A good cellular correlate to compare VTA GABA cells is the striatum (Lovinger and Mathur, 2012), where plasticity is strikingly similar. For example, LTD occurs at glutamatergic inputs onto striatal GABAergic medium spiny neurons, which is dependent on presynaptic CB1 and postsynaptic mGluR activation and eCB synthesis (Adermark et al., 2009; Lovinger, 2010), providing support for our findings. Finally, VTA DA cells exhibit CB1-dependent DSE where EPSCs are reduced for ∼1 min following depolarization to 0 mV (Melis et al., 2004). VTA GABA cells also exhibit DSE, which indicate that GABA cells can modulate their own activity by producing eCBs rather than relying on DA cells for their production. This DSE was surprisingly long-lasting; although we have no current rationale, it is not due to input resistance changes following a return in holding potential to −65 mV.

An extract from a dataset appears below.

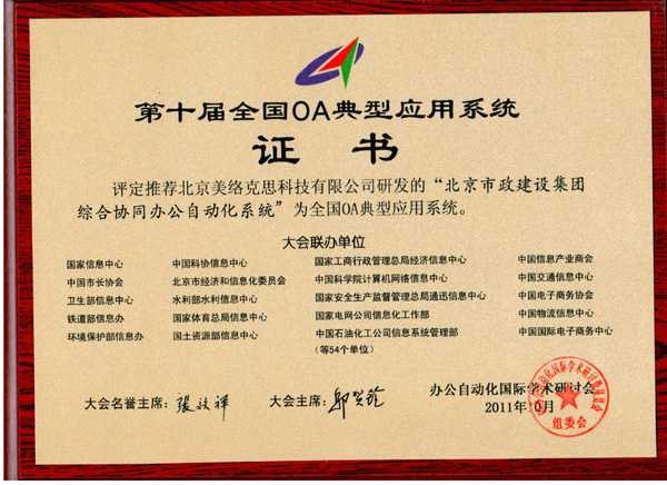 金秋十月,是一个收获的季节,由北京美络克思科技有限公司为中国铁建十六局集团研发的“中国铁建十六局集团有限公司文档一体化综合协同平台”及为北京市政建设集团公司研发的“北京市政建设集团综合协同办公自动化系统”荣获第十届全国OA典型应用系统,北京美络克思科技有限公司也获得了典型应用系统研发单位的称号。
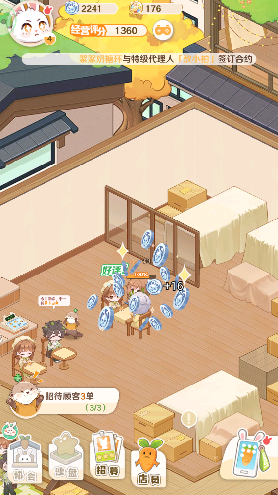 3.店员培养与装修策略:优先招募兔灵和猫族店员,重点培养SR级店员陆。定期给店员升级换装提高效率。装修时统一风格,高评分装修能吸引消费力强的顾客。

The importance of GABA cell involvement in reward, either directly through axonal projects to regions outside the VTA or indirectly with local GABA cells regulating VTA DA cell activity, highlights the critical nature in understanding GABA cell modification by synaptic plasticity, a necessary element in understanding VTA reward mechanisms. Directly, GABA cells in the VTA project to the NAc where they enhance associated reward learning (Brown et al., 2012) and to the tegmental pedunculopontine nucleus where they mediate the DA-independent reinforcing properties of opioids (Ting-A-Kee and van der Kooy, 2012). Indirectly, decreased local GABA cell activity results in increased VTA DA cell activity via disinhibition (Bocklisch et al., 2013), and conversely increased GABA cell activity inhibits DA cell activity and DA release (Tan et al., 2012; van Zessen et al., 2012), altering reward behavior. These prior studies demonstrate that local VTA GABA cells do indeed innervate and regulate VTA DA neuron activity. Therefore, local GABA neurons can regulate DA cell activity; thus, our studies could directly correlate to changes in DA levels. It is also important to note that other GABAergic sources, including rostromedial tegmental nucleus (Matsui and Williams, 2011) and NAc (Brown et al., 2012; Edwards et al., 2017) innervate and regulate DA cell activity and should be considered. Collectively, this study fills a missing piece of our understanding of reward physiology and suggests that this novel LTD could potentially modulate reward behavior. Further confirming this possibility is that VTA DA cells are under tonic inhibition from VTA GABAergic cells, including inputs from the recently identified rostromedial tegmental nucleus (Barrot et al., 2012), making any change in GABA function pertinent to DA cell function, as only phasic, or brief inhibition or excitation of DA cells mimics negative reward (Chang et al., 2016) or positive behavioral reward conditioning (Tsai et al., 2009), respectively. Clearly, GABA cells projecting outside the VTA or within the VTA play crucial roles in mesolimbic circuitry, similar to direct excitatory inputs to DA neurons.
Reward
Regarding THC-induced reward, acute exposure directly modifies dopaminergic cells by increasing firing rate. This occurs via presynaptic CB1 receptors on GABA inputs to DA cells, which disinhibit DA cells (Johnson et al., 1992; Tan et al., 2012). Our current study proposes a novel mechanism, one synapse upstream in the circuit, namely, that THC reduces excitatory input to GABA cells and thus decreases inhibition of VTA GABA cells to VTA DA cells. Therefore, exogenous THC could simultaneously alter both synapses synergistically, resulting in increased DA release and reward.
Addiction
To date, all addictive psychoactive substances examined induce long-term changes of excitatory synapses onto VTA DA neurons, whereas nonaddictive psychoactive substances do not (Mameli and Lüscher, 2011). This finding portends the importance of understanding forms of glutamatergic VTA GABA plasticity and their potential role in addiction. Drug-evoked or drug-inhibited plasticity alters VTA circuits leading to drug addiction by creating drug-adaptive behaviors (Lüscher and Malenka, 2011). Although the addictive nature of THC is debatable, alterations in the mesolimbic pathway following chronic THC exposure are particularly relevant for adolescents. Indeed, human adolescent marijuana use correlates to decreased IQ and cognitive impairment (Meier et al., 2012), cortex development issues, schizophrenia (Volkow et al., 2014), alterations in NAc (Gilman et al., 2014), and increased probability for long-term substance abuse (Hurd et al., 2014; Verweij et al., 2016). Therefore, studies examining THC impact on adolescent brain are critical. The mice age range used here correlates to juvenile-adolescent ages, making this study of potential importance as to THC effects on immature brain, which could have implications in adolescent-related increases in substance abuse.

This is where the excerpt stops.